3. Met "Faeröer" en "Gemeenschap" worden eveneens de territoriale wateren van de Faeröer en van de Lid-Staten van de Gemeenschap bedoeld.

Zeeschepen, met inbegrip van fabrieksschepen, aan boord waarvan de eigen vangst wordt verwerkt of bewerkt, worden geacht deel uit te maken van het grondgebied van de Gemeenschap of van de Faeröer, mits zij aan de in lid 2 genoemde voorwaarden voldoen.

Artikel 3

Toereikende bewerking of verwerking

1. Voor de toepassing van artikel 1 worden niet van oorsprong zijnde materialen geacht een toereikende bewerking of verwerking te hebben ondergaan wanneer het verkregen produkt onder een andere post wordt ingedeeld dan alle niet van oorsprong zijnde materialen die bij de vervaardiging werden gebruikt, onder voorbehoud van het bepaalde in de leden 2 en 3.

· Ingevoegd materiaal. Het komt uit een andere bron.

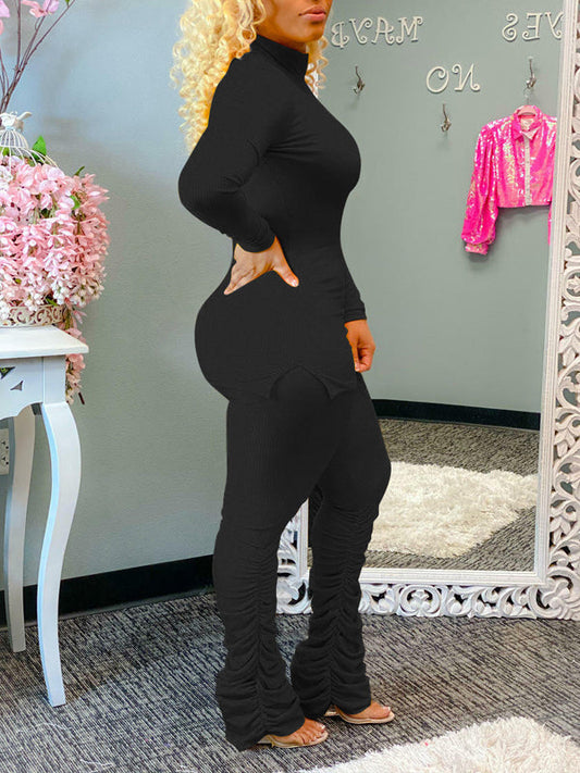 Morchique Ribbed Turtleneck Tee & Ruched Pants Set

Met "hoofdstukken" en "posten" worden in dit Protocol bedoeld de hoofdstukken en posten (viercijfercodes) van de nomenclatuur van het "geharmoniseerde systeem inzake de omschrijving en de codering van goederen" (hierna "geharmoniseerd systeem" of "GS" genoemd).

Met "indeling" wordt de indeling van een produkt of materiaal onder een bepaalde post bedoeld.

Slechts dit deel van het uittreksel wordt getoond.